Let us add some code to handle that:

async function getUserGroups(token) {
  const res = await fetch('https://graph.microsoft.com/v1.0/me/appRoleAssignments', {
    headers: {
      Authorization: `Bearer ${token}`
    }
  })
  const groups = res.data.value.map(group => group.principalDisplayName);
  return groups;
};

// const userGroups = await getUserGroups();
// hardcoded for visibility
const userGroups = [
  "Advertisement-service.dev.approved",
  "Advertisement-service.prod.approved",
  "Reporting-service.dev.approved"
];

userGroups.forEach(group => {
  if (group.includes("Advertisement-service")) {
    const env = group.split('.')[1]; // Extracts 'dev' or 'prod'
    policy.setStage(env);
    policy.allowMethod(AuthPolicy.HttpVerb.ALL, "/advertisement/*");
  }
});

// Explicitly allow access to dev endpoints for Reporting-service
if (userGroups.includes("Reporting-service.dev.approved")) {
  policy.setStage('dev');
  policy.allowMethod(AuthPolicy.HttpVerb.ALL, "reporting/*");
}

// Explicitly deny access to production endpoints for Reporting-service if not in the prod approved group
if (!userGroups.includes("Reporting-service.prod.approved")) {
  policy.setStage('prod');
  policy.denyMethod(AuthPolicy.HttpVerb.ALL, "reporting/*");
}

An output policy has fine-grained permission. If we want to reduce authorizer hits, we can then set a policy caching from 0 - 3600 seconds (60 mins), where 0 means no cache.

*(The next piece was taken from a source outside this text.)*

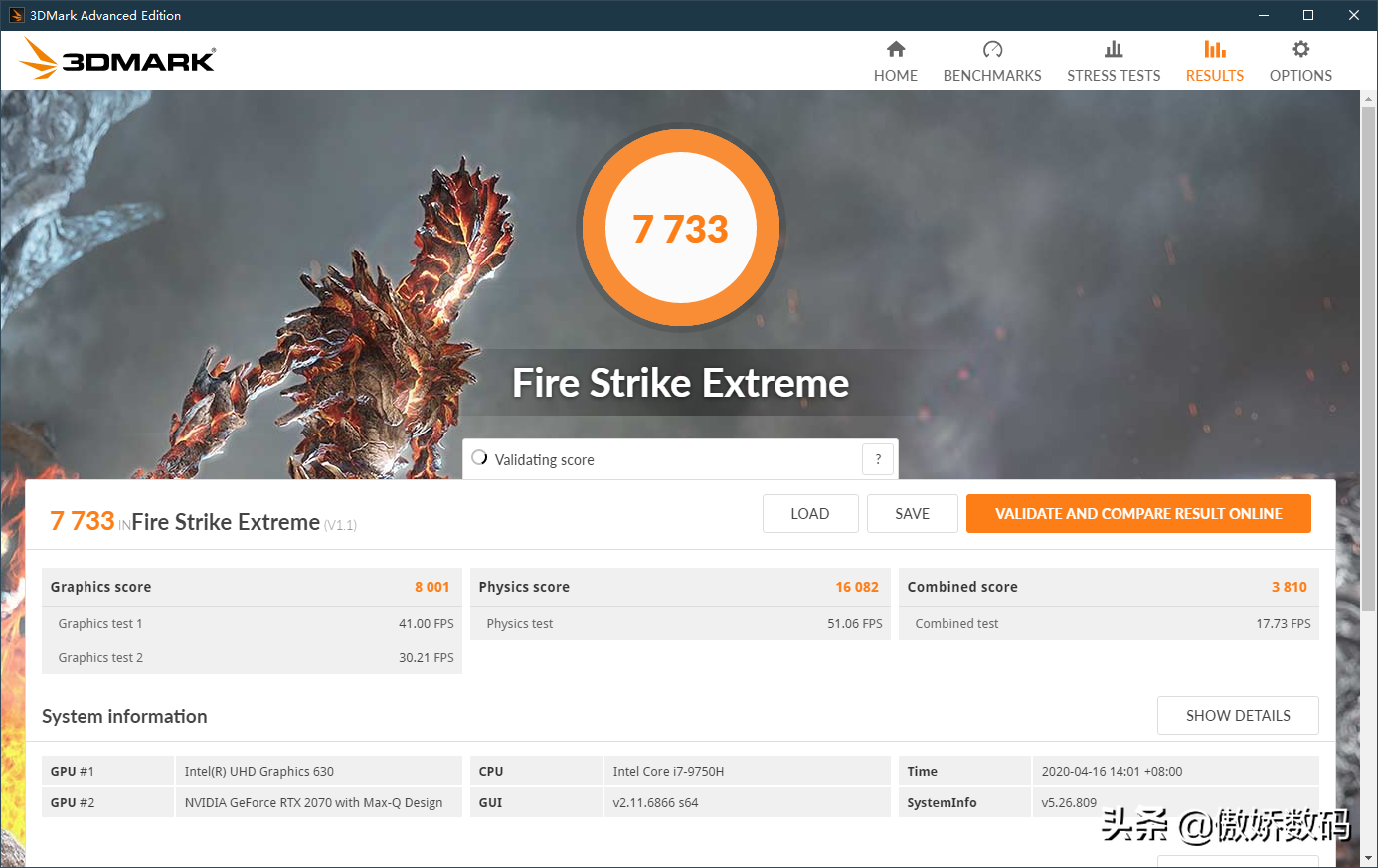 最后跑跑3dmark,FSE显卡分刚突破8k,正好是8001分

But it should be thoroughly thought through, taking access token expiration time into account.

{
  "principalId": "user|a1b2c3d4",
  "policyDocument": {
    "Version": "2012-10-17",
    "Statement": [
      {
        "Action": "execute-api:Invoke",
        "Effect": "Allow",
        "Resource": [
          "arn:aws:execute-api:us-east-1:1234567899:apiId1234/dev/*/advertisement/*",
          "arn:aws:execute-api:us-east-1:1234567899:apiId1234/prod/*/advertisement/*",
          "arn:aws:execute-api:us-east-1:1234567899:apiId1234/dev/*/reporting/*"
        ]
      },
      {
        "Action": "execute-api:Invoke",
        "Effect": "Deny",
        "Resource": [
          "arn:aws:execute-api:us-east-1:1234567899:apiId1234/prod/*/reporting/*"
        ]
      }
    ]
  },
  "context": {
    "key": "value",
    "number": 1,
    "bool": true
  }
}

Conclusion

We have discussed a flexible approach to user authorization for accessing resources, utilizing any logic and provider not natively supported by AWS. Although our implementation uses Azure AD, this method could easily accommodate any other authorization service, including a custom one.

This approach offers several benefits:

It provides a unified authentication and authorization point for both the front-end and back-end.

There is flexibility in configuring permissions.

Scalability. Once implemented for one service, it can be applied to many others.